Aku duduk dengan harapan bisa bersandar mundur, tetapi jarak antar kursi pesawat sangat pendek, dan aku tak ingin mengganggu ruang orang di belakangku. Aku mendesah, melirik ke luar jendela sementara perutku bergejolak. Terbang selalu membuatku cemas.
“Mawar, ada yang bisa kubantu?” tanya Julia. Teman sekamarku adalah seorang pramugari dan telah mendapatkan diskon tiket yang lumayan untukku untuk penerbangan ini.
“Tidak, terima kasih. Kurasa aku mau tidur siang.”
“Bagus. Santai saja. Aku akan membangunkanmu begitu kita mendarat kalau kau masih tidur.”
Aku memutar bantal leherku, menarik sweterku lebih erat, dan memejamkan mata.
Aku membayangkan pemintal benang dan perlahan-lahan memasukkan serat warna-warni ke perangkat itu sambil menunggu kantuk menjemputku. Teknik visualisasi itu membuatku rileks hingga melatonin menunjukkan sihirnya.
Hanya saja kali ini, seorang asing muncul di latar belakang pikiranku. Senyumnya menghiburku dan menarikku lebih erat seolah kami saling mengenal dengan cara yang menghubungkan jiwa kami. Aku menyentuh poros pemintal benang dan benda itu jatuh ke tanah dengan suara dentuman keras.
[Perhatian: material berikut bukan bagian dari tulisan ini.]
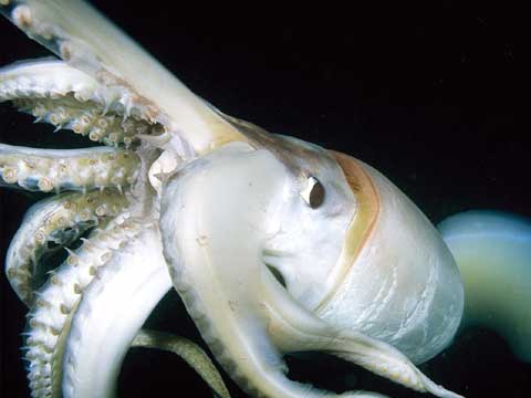 Косвенно это утверждение подтверждается благодаря полученным кадрам – у заснятой особи отсутствует пара самых длинных щупалец, которые кальмар, возможно, потерял в схватке с врагом.

Aku tersentak bangun, menyesuaikan diri dengan lingkungan sekitar, dan menyadari bahwa pesawat sedang mengalami turbulensi hebat. Aku melirik ke kiri dan terkejut melihat pria asing tampan di kursi sebelahku. Dia tampak persis seperti pria dalam mimpiku.
Konyol, Mawar.
“Kau baik-baik saja, Mawar?” tanyanya lembut.
Mulutku terbuka.
“Apa aku mengenalmu?”
Apakah aku masih bermimpi?
“Tidak.” Dia tersenyum. “Julia menyebut namamu ketika aku duduk. Memintaku untuk diam agar kau bisa beristirahat dengan tenang.”
Pesawat menukik dan perutku terasa mual.
“Tuhan, tolong!” pekikku. Sesering apa pun perjalananku dengan pesawat, aku tak bisa terbiasa dengan turbulensi.
“Kita baik-baik saja. Pilot bilang ini hanya badai. Kita akan segera melewatinya.”
Apa dia serius? Bagaimana kalau pesawat itu jatuh dari langit seolah-olah ada Godzila atau King Kong yang memukulnya seperti mainan? Napasku terengah-engah.
“Hei,” dia meletakkan tangannya yang hangat di lenganku.
Denyut nadiku melambat.
Mengapa sentuhannya langsung menenangkanku?
“Ini biasa.”
Melihat ekspresiku yang tercengang, dia melanjutkan. “Aku seorang pilot dan kenal orang yang mengendalikan pesawat itu. Dia jago mengendalikan pesawat melalui turbulensi.”
Aku mengembuskan napas, berharap pria tampan itu benar.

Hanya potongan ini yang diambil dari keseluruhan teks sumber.